What a lemon sucker actually feels like
Let's start with the thing everyone wonders about but won't ask. A lemon vibrator, especially an air-suction model like the Lem, doesn't feel like a traditional vibrator. It won't buzz. It won't shake your whole body. Instead, it creates a gentle suction sensation that rhythmically pulses against your clitoris.
Think of it like the difference between a massage gun and a massage therapist's hand. Both are contact, but the experience is completely different. The Lem works by creating gentle waves of pressure. It's more like a soft pulling sensation than buzzing, which is exactly why so many people find it less overwhelming on a first try.

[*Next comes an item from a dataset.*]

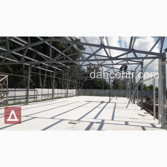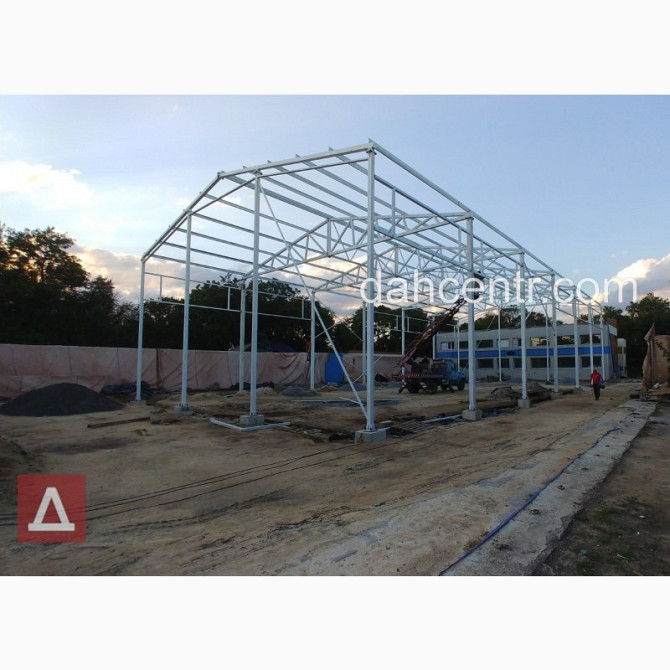 Металевий каркас-ангар для будівництва промислових та комерційних будівель будь-якого призначення, від компанії "Дахцентр". Технічні характеристики: - Розміри по осях: - Ширина – 18м - Довжина – 24м - Корисна висота – 4м - Площа - 432 м² Вартість: 611 280 грн. Ціна за м²: 1 415 грн. Карк...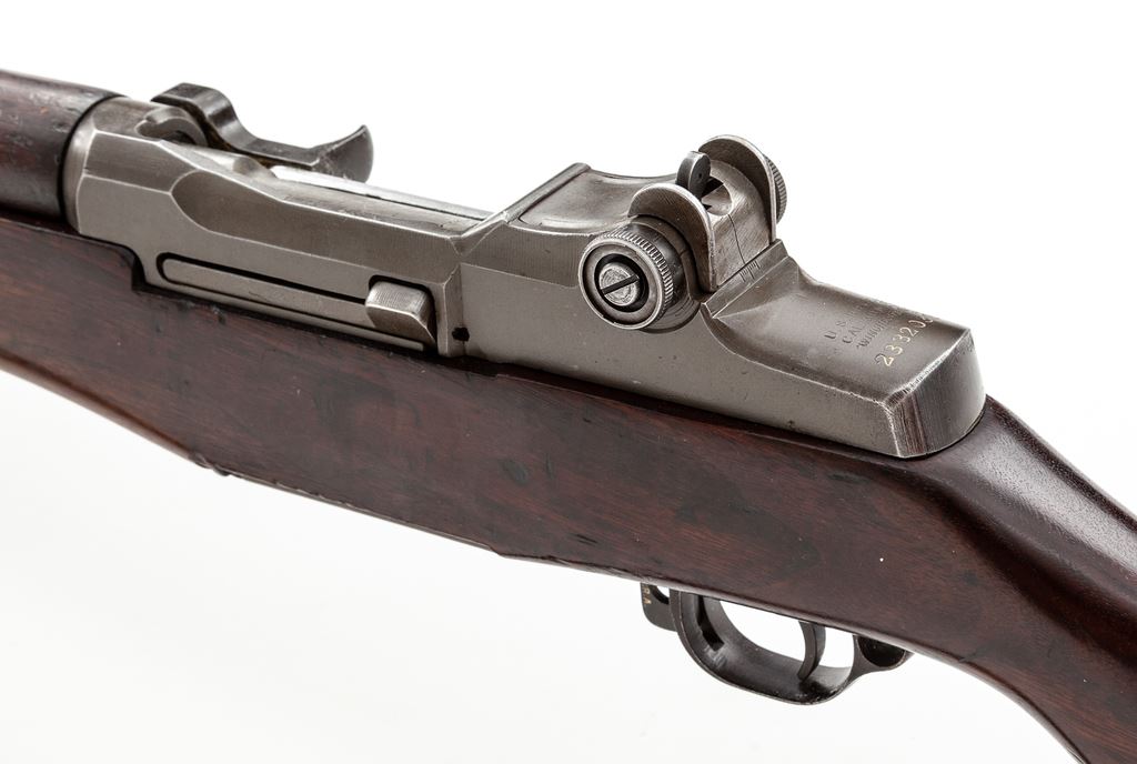 Winchester M1 Garand Semi-Automatic Rifle, #2332038, .30-06 cal., 24'' barrel, parkerized finish, walnut stock, blade front sight with protective ears and adjustable aperture rear sight. Marked on receiver tang ''U.S.RIFLE CAL..30 M1 WINCHESTER TRADEMARK''. Faint boxed ''C-SAA'' cartouche on right side of stock and boxed ''P'' firing proof on underside of pistol grip. Barrel stamped ''S-A-12-50''. Bolt, trigger housing, hammer and triggerguard stamped ''W.R.A.''. Operating rod stamped ''SA''. Condition overall is very good with over 90% finish remaining on the metal, with patina under the wood line of the receiver and the gas cylinder finished a dark color. Lower band refinished to a dull grey and handguard clip polished bright. Wood is very good with added finish applied over old dents and scratches on the stock. Action is smooth, bright bore is very good. Includes a U.S.G.I. nylon sling, a combination tool and grease pot. Est.: $1,000-$1,500. (C&R)

The clitoris has about 8,000 nerve endings, and most of them are clustered right where you'd expect. When you use a lemon clitoral vibrator on the lowest setting, you're stimulating those nerves with suction rather than direct vibration. The result: sensation feels more concentrated, more pleasurable, and oddly more controllable. You're not fighting the intensity. You're working with it.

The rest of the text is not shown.